April is Poetry Month: Advice from a Dead Man Walking
Sunday, April 22, 2012
HBO Def Poet, Amir Sulaiman, pays a visit to the Islamic Center of Greater Lansing for a 
free performance.    Courtesy photo
 
By Dua S. Aldasouqi
 
E. LANSING, MI -- Renowned poet and activist, Amir Sulaiman, flew into Michigan from California on April 13 to perform at the Islamic Center of Greater Lansing. He was there to give a short free show. The Center gym was packed with over 150 members of the Center and local Greater Lansing Area residents. Amir Sulaiman is also an accomplished writer, educator, and recording artist. He is a two time HBO Def Poet (an HBO television show, a play off of "Def Comedy Jam" with poets).
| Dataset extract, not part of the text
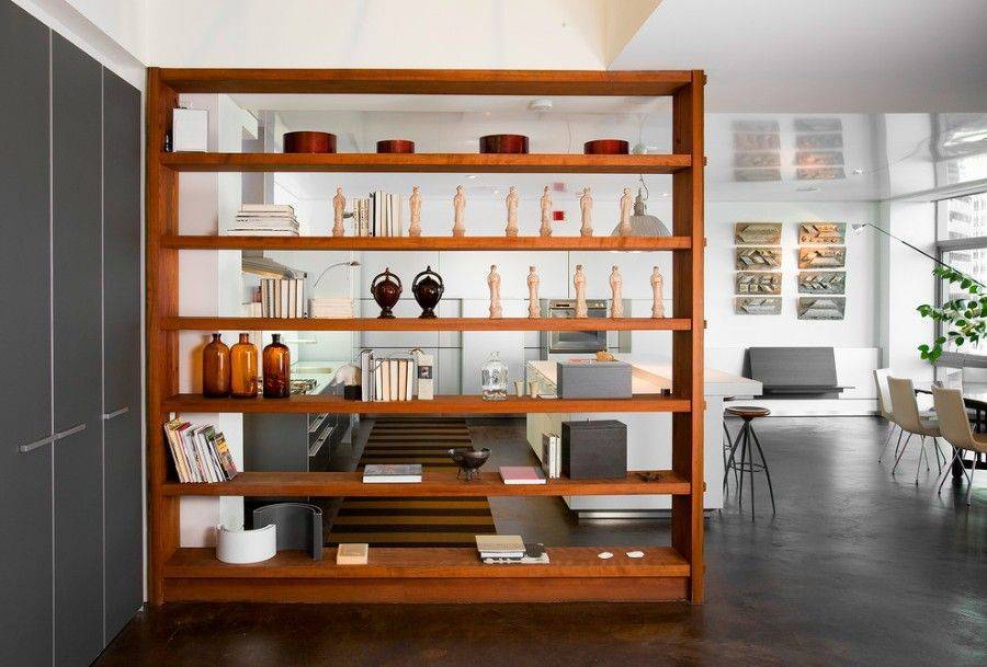 - Перегородка. Также популярный вариант для кухни-гостиной, способный зонировать пространство, отделяя зону отдыха от кухни.

He is a native of Rochester, N.Y. and has been writing since he was 12. His poetry is a voice for the oppressed and has been used many times by organizations like ACLU, Amnesty International, and Jesse Jackson’s Rainbow/PUSH Coalition to bring life to multiple campaigns dealing with social justice and art.
 
Amir Sulaiman was surprisingly very down to earth and as interested in the audience as the audience was him. He would perform one of his pieces and then allow the audience to ask questions, give feedback, or comment on issues. He was only in East Lansing for a very short time but the attendees made sure they made every minute count. He performed 5 pieces including "She Said, I Prefer a Broken Neck" and "Dead Man Walking".
 
When asked what advice he would give to Muslim writers aspiring to be a Muslim voice and a voice for the oppressed he responded with two things (for both Muslims and non): 1) Sincerity and 2) Keep at it. 
 
He said sincerity was the most important, to be sincere means to say what you feel, what you think and not what you think you should say. According to him the problem with a lot of Muslim rappers now is that they say what they think they should say so their work sounds corny and superficial. He added if you just keep writing, you might have one good poem for every 10 or 20 bad ones.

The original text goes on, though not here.